Established by law and charter, the Peer Review Advisory Committee meets 2-3 times a year and advises the NIH Director, the NIH Deputy Director for NIH Extramural Research and the Director of the NIH Center for Scientific Review (CSR). The committee is cochaired by Toni Scarpa, M.D., Ph.D., Director of CSR; and Jeremy Berg, Ph.D., Director of the National Institute of General Medical Sciences. The committee convened at NIH on August 27, 2007.
Five of the new members will begin their terms immediately:
R. Lorraine Collins, Ph.D., is a senior research scientist at the Research Institute on Addictions and a research professor in the Department of Psychology at the University at Buffalo, State University of New York. Dr. Collins' research interests include cognitive and behavioral approaches to the conceptualization, prevention, and treatment of addictive behaviors; commonalities among addictive behaviors; and psycho-social issues related to substance use and misuse.

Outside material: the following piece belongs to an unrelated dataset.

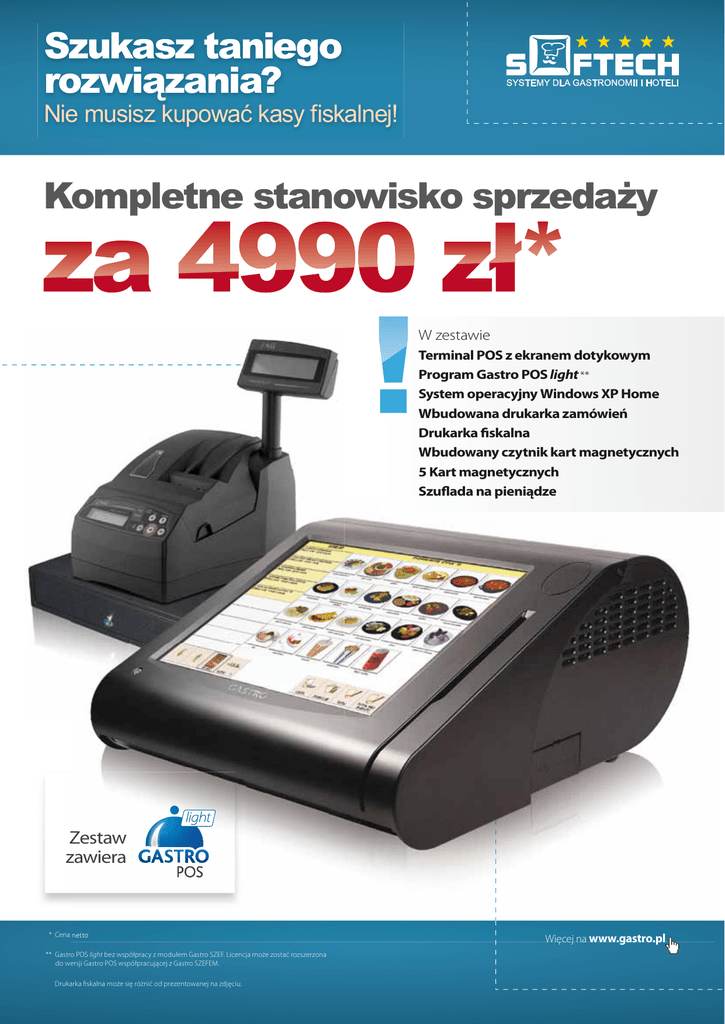 Szukasz taniego rozwiązania? SYSTEMY DLA GASTRONOMII I HOTELI Nie musisz kupować kasy fiskalnej! Kompletne stanowisko sprzedaży W zestawie Terminal POS z ekranem dotykowym Program Gastro POS light ** System operacyjny Windows XP Home Wbudowana drukarka zamówień Drukarka fiskalna Wbudowany czytnik kart magnetycznych 5 Kart magnetycznych Szuflada na pieniądze Zestaw zawiera * Cena netto ** Gastro POS light bez współpracy z modułem Gastro SZEF. Licencja może zostać rozszerzona do wersji Gastro POS współpracującej z Gastro SZEFEM. Drukarka fiskalna może się różnić od prezentowanej na zdjęciu. Więcej na www.gastro.pl Program Gastro POS light Gastronomiczny system sprzedaży na ekranie dotykowym Gastro POS light jest systemem sprzedaży obsługiwanym poprzez ekran dotykowy, dedykowanym dla lokali gastronomicznych. Powstał w celu wyeliminowania ograniczeń funkcjonalnych, jakie stwarzało posługiwanie się na stanowisku sprzedaży kasą fiskalną. Gastro POS light jest prostszą wersją najpopularniejszego w Polsce programu dla gastronomii Gastro POS. Obsługa programu Gastro POS light przypomina pracę na zwykłej kasie, z tą różnicą, że klawisze są wyświetlane na ekranie a wybór potraw jest prosty i intuicyjny, przy tym nieporównywalnie szybszy. Identyfikacja kelnera następuje wg kodu lub z użyciem karty magnetycznej. System przewyższa ergonomią oraz swoimi możliwościami każdą kasę gastronomiczną. Łatwa i efektywna praca w restauracji Obsługa poprzez ekran dotykowy; Identyfikacja sprzedawcy kodem lub kartą magnetyczną, rejestracja; Tryb szybkiej sprzedaży dla lokali typu fast-food. Elastyczne kształtowanie cen i rozliczeń Możliwość korekt rachunków przed i po wydrukowaniu zamówienia - z możliwością ustalania uprawnień do wykonania korekt; Obsługa dowolnych form płatności - gotówka, karty kredytowe, czeki; Obsługa wewnętrznej sprzedaży bezgotówkowej. Współpraca z kuchnią Współpraca z jedną drukarką zamówień – zintegrowaną z PS3100 Gastro lub zewnętrzną. Liczne i dokładne raporty Raport kelnerski, raport utargów, raport o udzielonych rabatach, raport wykonanych storn, raport sprzedaży wg PLU (kodów produktów), raport sprzedaży wg grup towarowych, raport sprzedaży na karty rabatowe, rejestry VAT, raporty kasowe i inne; Bogata funkcjonalność, specjalistyczne funkcje Wyświetlanie ceny i nazwy potrawy oraz komunikatu dla Klienta na wyświetlaczu konsumenckim; Wystawianie faktur; Współpraca z większością urządzeń fiskalnych dostępnych na polskim rynku; Wydruk na jednej drukarce fiskalnej z kilku komputerów POS poprzez spooler DFSERWIS; Specyfikacja techniczna Terminal dotykowy PS3100 Gastro Wyjątkowy Zintegrowany Terminal POS z ekranem 10,4” z systemem Gastro mPOS Cechy i zalety PS3100 Gastro POS Szybki procesor Intel ATOM N270 Obudowa bez wentylatorów Wygodny dotykowy ekran 10.4" LCD Wbudowany czytnik kart magnetycznych Dysk twardy 160 GB, Pamięć RAM 512 MB Nowoczesny wygląd Wbudowana termiczna drukarka zamówień z odcinaczem Małe rozmiary 300 szer. x 299 wys. x 135 gł. mm Więcej informacji o możliwościach i zaletach systemów Gastro znajdziesz na www.gastro.pl 04-386 Warszawa, ul. Nizinna 13/1 tel./fax +48 22 610 77 42 e-mail: [email protected], www.gastro.pl Przygotowanie i realizacja www.EXIS.pl Softech Spółka z o.o. PARTNER SOFTECH

Garret FitzGerald, M.D., is chair of the Department of Pharmacology at the University of Pennsylvania in Philadelphia and director of its Institute for Translational Medicine and Therapeutics. Dr. FitzGerald’s research interests include the pharmacology of prostaglandins and their inhibitors and the role of peripheral molecular clocks in inflammation and cardiovascular biology.
Heidi Hamm, Ph.D., is chair of the Department of Pharmacology at the Vanderbilt University Medical Center in Nashville, Tennessee. Dr. Hamm’s research interests include protein-protein interactions across cell membranes related to metabolic regulation, specifically what is known as the G protein coupled signaling mechanism.
Story Landis, Ph.D., is director of the National Institute of Neurological Disorders and Stroke at NIH. Dr. Landis oversees the Institute’s annual budget of $1.5 billion, as well as a staff of more than 900 scientists, physician-scientists, and administrators.
Jane Steinberg, Ph.D., is the director of the Division of Extramural Activities at NIH's National Institute of Mental Health. Dr. Steinberg manages the institute’s review and grants management activities as well as its extramural policy and advisory council.
The three other appointed members will begin their terms in January 2008.
Jill Buyon, M.D., is professor of medicine and associate director of the Division of Rheumatology, Department of Medicine, at the New York University School of Medicine in New York City. Dr. Buyon’s research interests include studies of tissue injury aspects of lupus disease and studies of the molecular aspects of congenital heart block in neonatal lupus.
Paulette Gray, Ph.D., is the director of the Division of Extramural Activities at the NIH National Cancer Institute. Dr. Gray oversees the institute’s extramural research policies and procedures, research integrity and portfolio tracking, as well as coordinates its advisory committees. She also oversees the review officers and other staff members who manage the institute’s portfolio of over 7,000 research and training grants.
Andrew Murray, Ph.D., is the Herchel Smith Professor of Molecular Genetics and director of the Bauer Fellows Program at Harvard University. Dr. Murray’s research interests include the segregation of cell chromosomes during mitosis into two identical sets before cell division, particularly the lining up of chromosomes on the mitotic spindle before chromosome segregation and the linkage of sister chromatid.
The following Web page provides links to additional information on the Peer Review Advisory Committee, including the committee's roster, dates of upcoming meetings and the minutes and presentations from previous meetings:
The Office of Extramural Research serves as the focal point for policies and guidelines for extramural research grants administration. This office has primary responsibility for the development and implementation of NIH Grants Policy, including peer review, monitoring of compliance with Public Health Service policy on Humane Use and Care of Laboratory Animals, coordination of program guidelines, and development and maintenance of the information systems for grants administration. Please visit its Web site for additional information: http://grants1.nih.gov/grants/oer.htm.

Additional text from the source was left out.